Contingency

A contingency is a contract condition that must be satisfied, waived, or resolved for a home purchase to proceed as planned.

A contingency is a contract condition that must be satisfied, waived, or otherwise resolved for a home purchase to proceed as planned.

Why It Matters

Contingencies matter because they allocate risk between buyer and seller. They help define what happens if financing, appraisal results, inspections, or other key conditions do not line up with expectations.

They also matter because buyers often think of a signed contract as fully locked in. In reality, many signed contracts still depend on important contingencies being addressed.

That makes this page useful early in the borrower journey. A contingency is not a lender requirement hidden inside underwriting.
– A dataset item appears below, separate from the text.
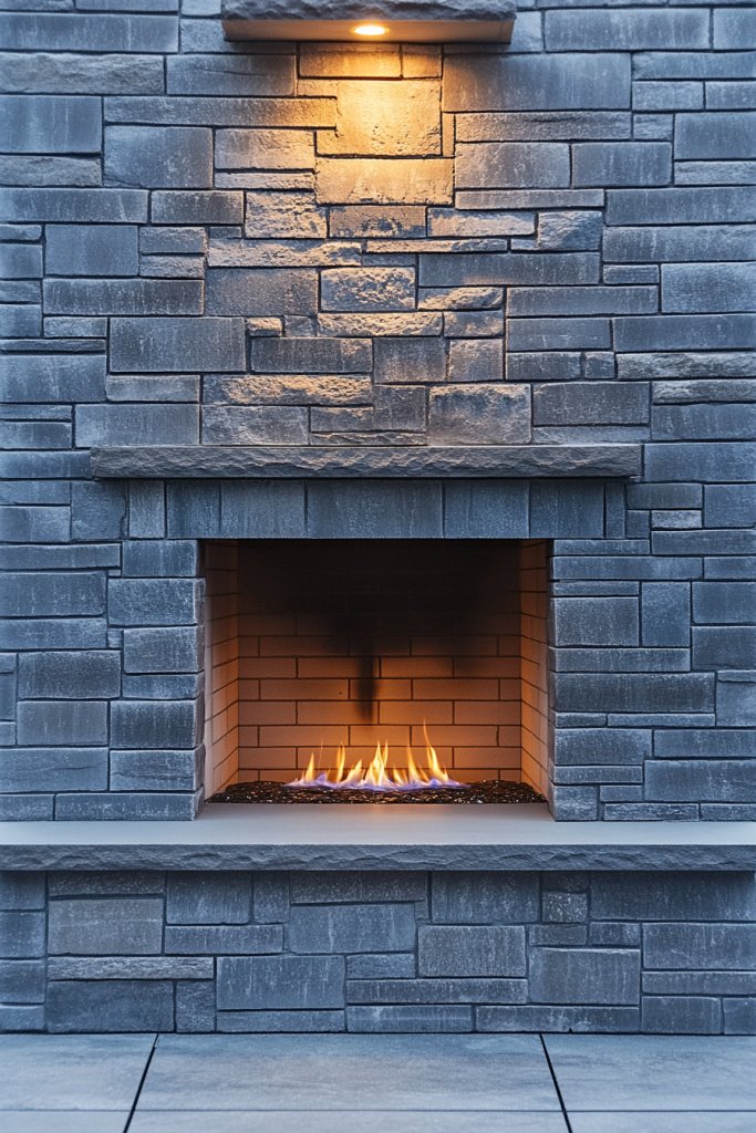 Picture a gray brick surround with recessed niches carved into the sides or above the fireplace opening. These niches can hold books, decor, or even subtle lighting fixtures. The textured bricks frame the niches, creating a layered, architectural look. Warm lighting inside the niches adds depth and highlights your favorite items.

It is part of the purchase agreement itself, and it can control whether the buyer must proceed, can renegotiate, or can exit under the contract.

Where It Appears in the Borrower Process

Borrowers usually encounter contingencies during offer and contract negotiation, before the mortgage is fully underwritten.

The term continues to matter as the file moves toward Closing because unresolved contingencies can delay the transaction, trigger renegotiation, or allow one party to exit under the agreement.

In practice, contingencies matter most during the period when the borrower is still collecting information: financing is not final, the property may still need appraisal or inspection review, and the exact path to closing is not yet settled.

Practical Example

A buyer signs a purchase contract that depends on financing approval and a satisfactory appraisal. Those conditions are contingencies that shape whether the transaction proceeds on the original terms.

How It Differs From Nearby Terms

A contingency differs from Conditions to Close because contingencies are contractual conditions between transaction parties, while conditions to close are lender requirements inside the mortgage approval process.

It also differs from Appraisal Contingency, which is a specific type of contingency focused on valuation risk.

It also differs from Closing Date. The closing date is the scheduled target for finishing the transaction, while contingencies are among the things that can determine whether that date holds.

Knowledge Check

  1. Is a contingency mainly a lender underwriting term? No. It is a contract condition between the parties to the transaction.
  2. Why can a signed purchase contract still fail to close? Because important contingencies may still be unresolved or may not be satisfied.